What needs to be done:
Once you find the line with "Fig-4: obturation with" in the listing below, please repeat it and every later line exactly, through the last one, without pictures.

Data segment:
========================================================================
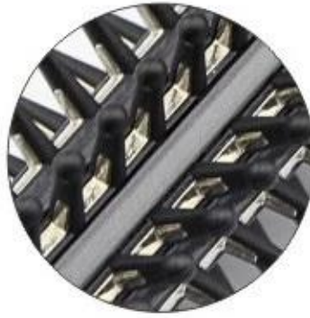
Optional 2: All metal teeth
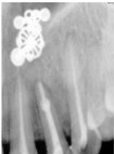
Fig-4: obturation with thermoplastized guttapercha technique
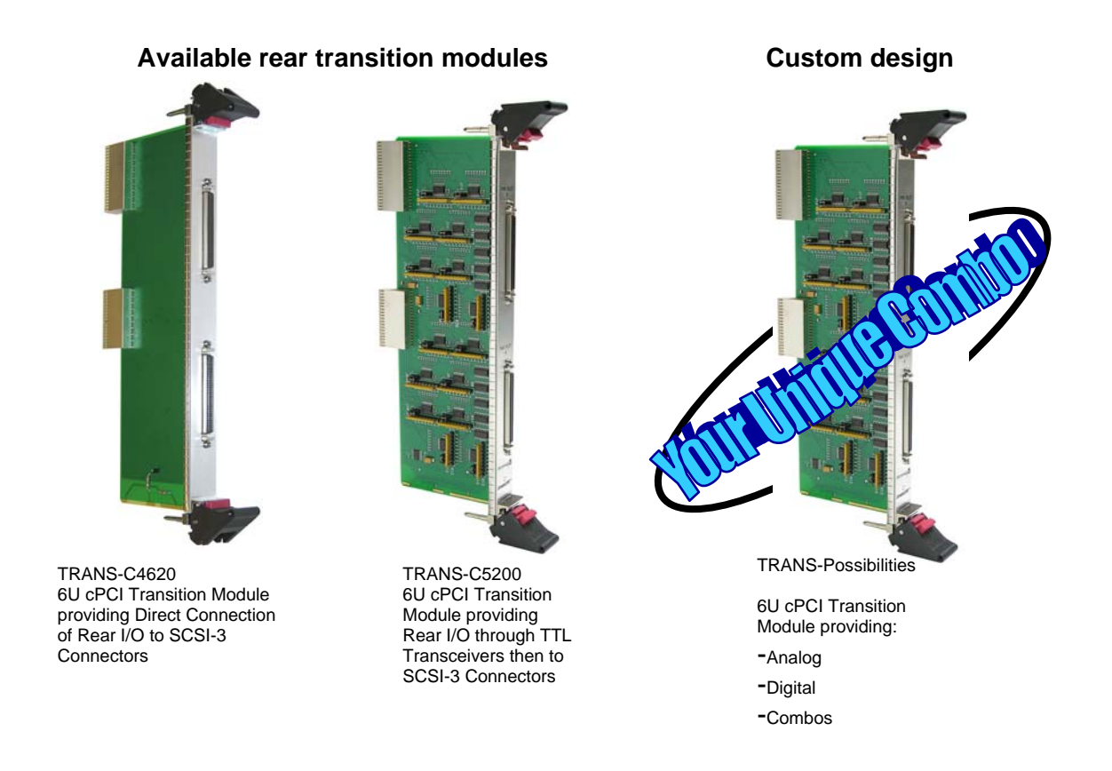
Figure 2: Acromag rear transition modules

Front I/O is accessible using the FPGA module's front panel mezzanine bus (see Figure 1). By simply attaching an Acromag extension module (AXM) to the front mezzanine connector (see Figure 3), the COTS FPGA module can now implement a variety of standard or custom I/O configurations. Standard AXM I/O modules include the AXM-D02 (RS485), AXM-D03 (CMOS & RS485), AXM-D04 (TTL & RS485), and the AXM-A30 (analog input).
========================================================================
Response to the task:
Fig-4: obturation with thermoplastized guttapercha technique
Figure 2: Acromag rear transition modules

Front I/O is accessible using the FPGA module's front panel mezzanine bus (see Figure 1). By simply attaching an Acromag extension module (AXM) to the front mezzanine connector (see Figure 3), the COTS FPGA module can now implement a variety of standard or custom I/O configurations. Standard AXM I/O modules include the AXM-D02 (RS485), AXM-D03 (CMOS & RS485), AXM-D04 (TTL & RS485), and the AXM-A30 (analog input).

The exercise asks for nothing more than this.